By Patrick Wingrove
(Reuters) -Moderna topped Wall Street sales expectations and reported a lower-than-expected second-quarter loss on Friday, driven by robust Spring COVID booster demand and aggressive cost cuts.
However, its shares fell more than 4% in premarket trading after the company lowered its 2025 sales forecast to $1.5 billion to $2.2 billion, cutting $300 million from the top end, as UK revenue deliveries shifted into early 2026.
Moderna said 40% to 50% of that revenue will be recognized
in the third quarter of 2025, with the rest expected in the fourth.
The Cambridge, Massachusetts-based vaccine maker reported quarterly revenue of $142 million, a 41% drop from last year, but still ahead of analyst estimates of $112.9 million, according to LSEG data.
On an adjusted basis, Moderna posted a quarterly loss of $2.13 per share, less than $2.97 a share loss analysts had projected.
Moderna finance chief James Mock attributed the results to spring COVID booster shot uptake, which was down 11% year-over-year but higher than anticipated, and $800 million in cost cuts in the first half of 2025.
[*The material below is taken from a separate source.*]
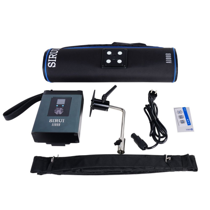 1x A100B LED panel; 1x Grid; 1x Controller; 1x Tripod clamp for controller; 1x Tripod adapter; 1x Power cable (EU); 1x Warranty card; 1x Service card; 1x Bag
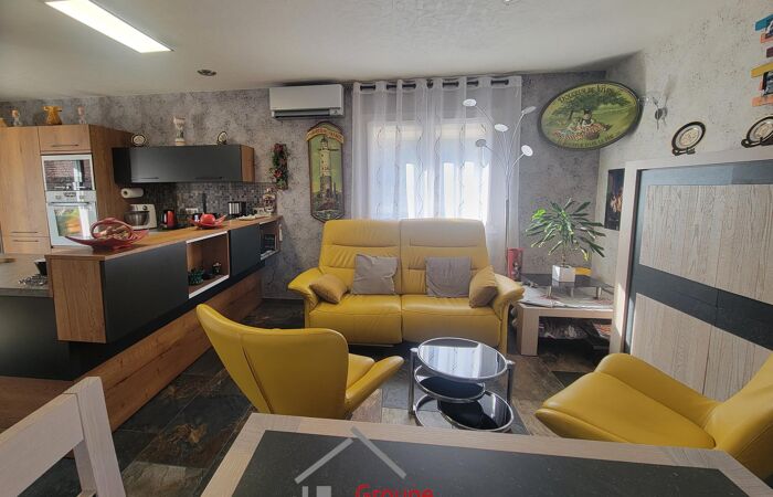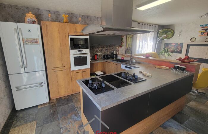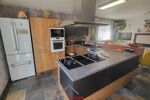 Une cuisine équipée Schmit ouverte sur le un salon / séjour d'environ 50 m2 avec accès sur la terrasse, trois chambres respectivement de de 9 m2, 9 m2 et 10,5 m2.

"I don't think analysts thought we could get that much (in costs) out of the business," he said. Mock added that the spring sales boost could signal solid demand for COVID vaccines this autumn.
The Spikevax COVID-19 shot delivered $114 million in sales, beating the expected $87 million for the quarter, but a far cry from its 2022 pandemic peak, when the vaccine brought in $18.4 billion.
The company did not disclose sales for mRESVIA, its RSV vaccine, saying they were negligible. Analysts had expected $1 million in quarterly sales for that shot.
Moderna said it plans to cut operating costs by $400 million in 2025, bringing them down to $5.9 billion to $6.1 billion. It had previously projected cuts of $4.7 billion to $5 billion by 2027.
The company on Thursday said it would cut around 10% of its global workforce, shrinking to under 5,000 employees by year’s end, as part of its move to trim operating expenses.
Mock said the job cuts would affect nearly every function at the company.
Moderna is counting on new mRNA products such as its experimental COVID-flu combo shot to offset slumping COVID vaccine sales and a slower-than-hoped rollout of the RSV shot.
Moderna, which voluntarily withdrew its COVID-flu combo shot approval application in May, said it is working with regulators to clarify data requirements for resubmission.